Arriver à ce moment a été détourné, laborieux et délicat pour de nombreux démocrates, étant donné que la convention de 2024 a longtemps été conçue pour être une célébration du président Joe Biden, l’ancien vice-président d’Obama. Obama fait partie des chefs de parti dont les manœuvres discrètes ont aidé Biden à comprendre que les démocrates se dirigeaient vers une défaite presque certaine s’il restait sur la liste.
L’ascension rapide de Harris au sommet du Parti démocrate aurait été peu probable sans le soutien rapide de Biden – dont la présidence a été rendue possible en grande partie par Obama.
“Elle l’a servi, et maintenant il la sert et la soutient pour devenir présidente”, a déclaré le représentant Jonathan Jackson de l’Illinois, qui représente une grande partie du South Side de Chicago. “C’est un homme honorable et l’histoire sera sa meilleure amie.”
Pourtant, à bien des égards, l’accession de Harris à l’investiture présidentielle équivaut à la continuation de l’arc qui a commencé avec Obama cette nuit d’été à Boston il y a vingt ans.
Elle est la première femme noire nommée par un grand parti politique américain.
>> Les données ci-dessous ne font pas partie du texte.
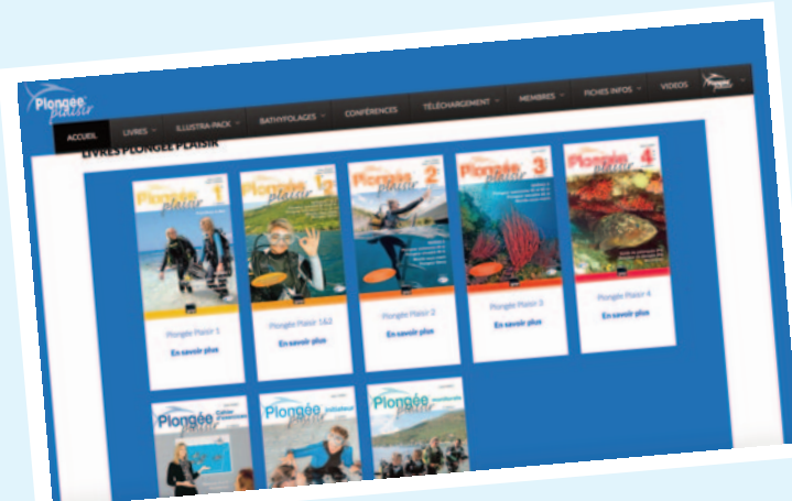
SITE WEB www.plongee-plaisir.com Présentation des livres et supports pédagogiques Actualité de la plongée Fiches Infos Espace téléchargement (ressources)
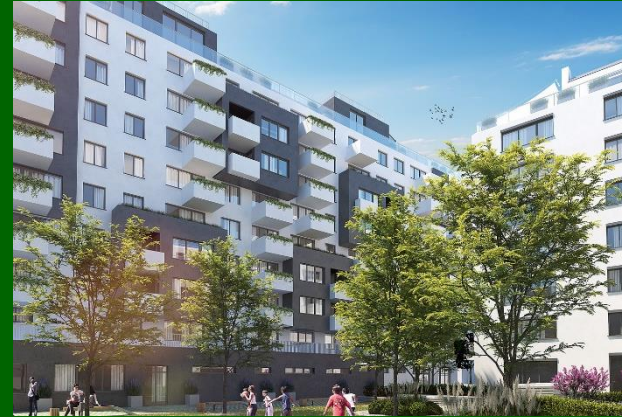
Die neue Jägerstraße 58

192 Eigentumswohnungen sowie Nahversorger und Kindergarten
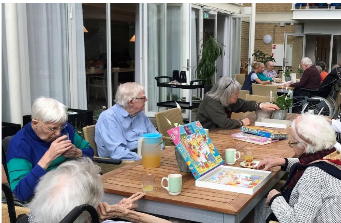
Eftermiddag med kaffe, hygge, samtaler og puslespil.
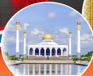
มัสยิดกลาง สงขลา
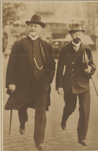
Ein dänischer Bischof wegen Geldbetrügereien angeklagt. Vor dem Landesgericht in Kopenhagen findet diesem Monat der Prozess gegen Anton Rest, den Bischof der methodistischen Gemeinde, statt, der ihm anvertraute Gelder statt zur Unterstützung armer Leute für seine eigenen Bedürfnisse verwendete. Ebenso gingen große Summen durch mangelhafte Buchführung verloren. Bischof Anton Rest (links) mit seinem Verteidiger
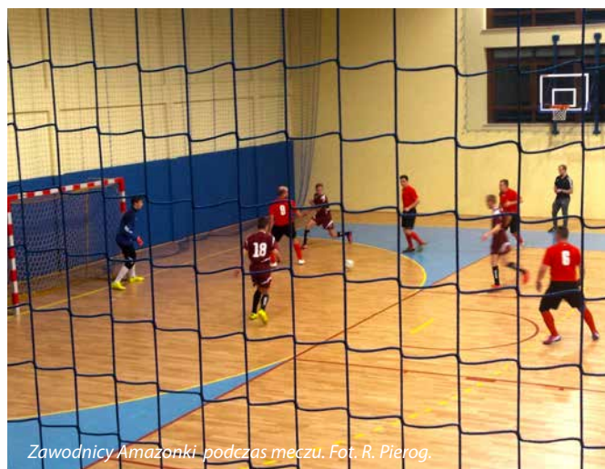
Zawodnicy Amazonki podczas meczu.

Et en seulement quatre semaines de mobilisation des démocrates derrière lui, l’énergie qui a alimenté sa candidature et les foules rugissantes scandant son nom ont établi des comparaisons avec la campagne historique d’Obama en 2008.
“C’est un candidat qui a dynamisé le parti d’une manière que je n’avais pas vue, certainement depuis 2008″, a déclaré le gouverneur de l’Illinois. ” JB Pritzker a déclaré à CNN. “Je n’ai ressenti ce genre d’énergie et d’électricité lors d’aucune convention autre que celle de Barack Obama.”
Des décennies en préparation
Pour deux hommes politiques qui brisent les barrières – Obama, 63 ans, et Harris, 59 ans – la convention de cette année est le point culminant de 20 ans de préparation. Alors qu’ils gravissaient tous les deux les échelons démocrates, ils se sont croisés à différents moments, chacun représentant et adoptant une image de la prochaine génération du parti, suivant les traces des géants des droits civiques qui les ont précédés.
C’est en 2009 que la journaliste Gwen Ifill a retracé ce lien entre les deux, déclarant dans le « Late Show with David Letterman » : « Ils l’appellent la femme Barack Obama ».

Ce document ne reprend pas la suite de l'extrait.